Lithospheric assembly and modification of the SE Canadian Shield: Abitibi‐Grenville teleseismic experiment

Abstract

This paper presents the results of a joint Lithoprobe‐Incorporated Research Institutions for Seismology (IRIS)/Program for Array Seismic Studies of the Continental Lithosphere (PASSCAL) teleseismic experiment that investigates portions of the Grenville and Superior Provinces of the Canadian Shield along the Québec‐Ontario border. Data from a 600‐km‐long, N‐S array of 28 broadband seismographs deployed between May and October 1996 have been supplemented with additional recordings from an earlier 1994 deployment and from stations of the Canadian National Seismograph Network and the Southern Ontario Seismic Network. Relative delay times of P and S waves from 123 and 40 teleseismic events, respectively, have been inverted for velocity perturbations in the upper mantle and reveal a low‐velocity, NW‐SE striking corridor that crosses the southern portion of the line at latitude 46°N and lies between 50 and 300 km depth.

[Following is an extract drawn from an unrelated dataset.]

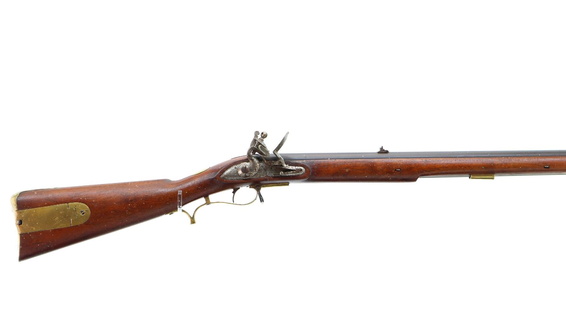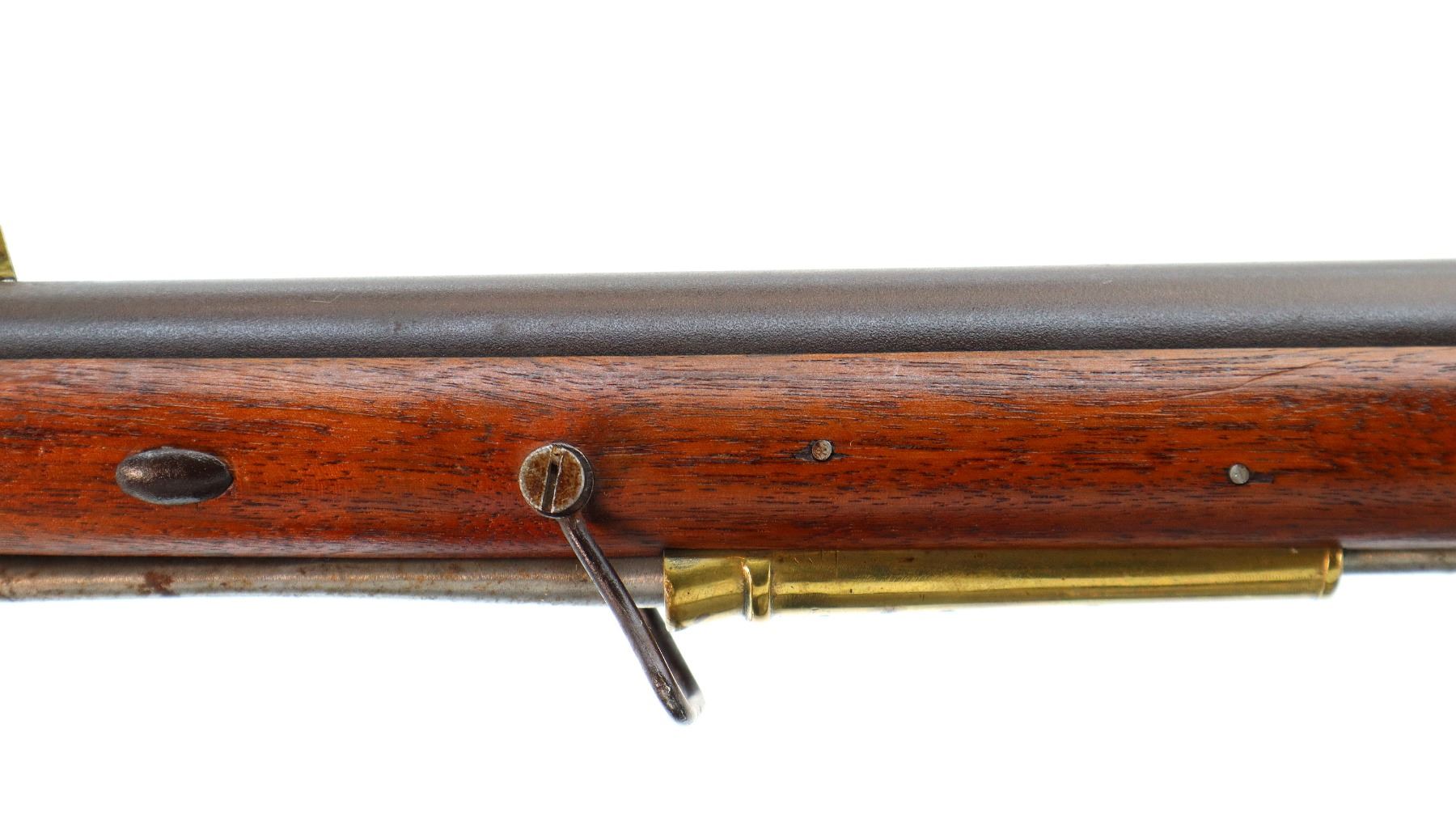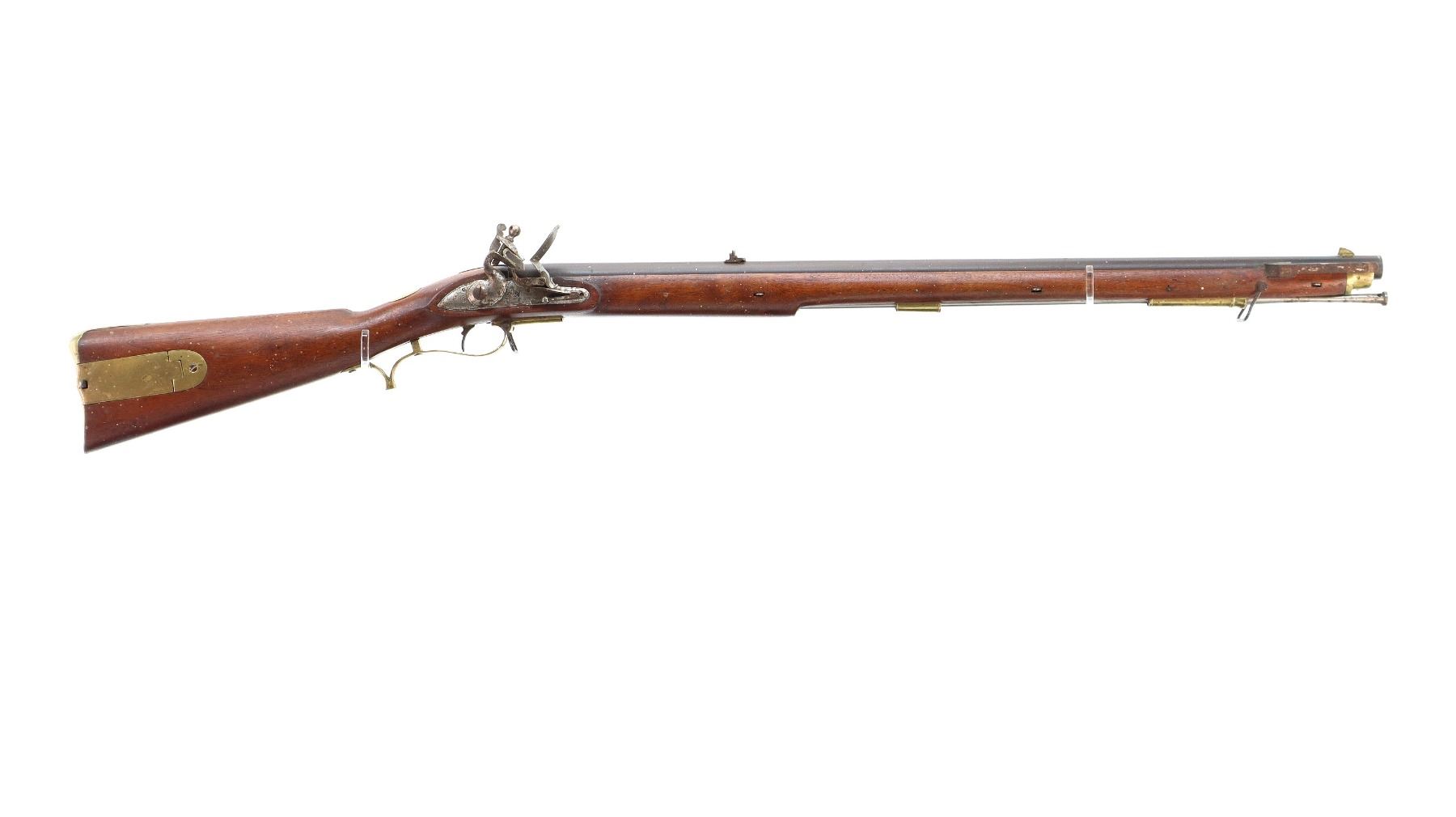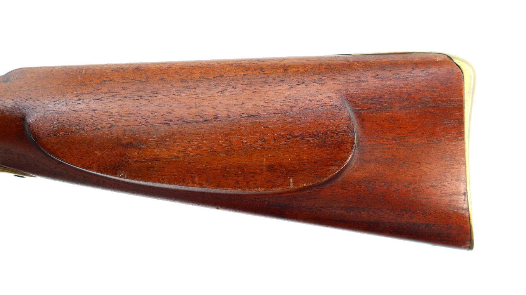 Main Description: Brass blade front sight, u notched rear sight with one fixed and one folding leaf, round barrel, smooth lock with Crown, hammer and frizzen function. One piece full military wood stock, three forearm wedges, straight grip with vanity plate, cheek rest, smooth brass butt plate, patch box, finger rest trigger guard and nose cap. Sling swivels, ramrod, bayonet bar on right side of barrel.

Multievent S K S‐splitting results yield an average delay time of 0.57±0.22 s and a direction of fast polarization of N93°E±18°, which is consistent with an earlier interpretation as being due to fossil strain fields related to the last major regional tectonic event. Subtle variations in splitting parameters over the low‐velocity corridor may suggest an associated disruption in mantle fabric. Profiling of radial receiver functions reveals large and abrupt variations in Moho topography, specifically, a gradual thickening in crust from 40 to 45 km between latitudes 45°N and 46°N, which is followed by an abrupt thinning to 35 km at 46.6°N, some 65 km southeast of the Grenville Front. This structure is interpreted as a subduction suture extending the full length of the Front and punctuating a major pre‐Grenvillian (Archean‐Proterozoic) episode of lithospheric assembly in the southeast Canadian Shield. The low‐velocity mantle corridor, by contrast, is better explained as the extension of the Monteregian‐White Mountain‐New England seamount hotspot track below the craton and is here postulated to represent interaction of the Great Meteor plume with zones of weakness within the craton developed during earlier rifting episodes.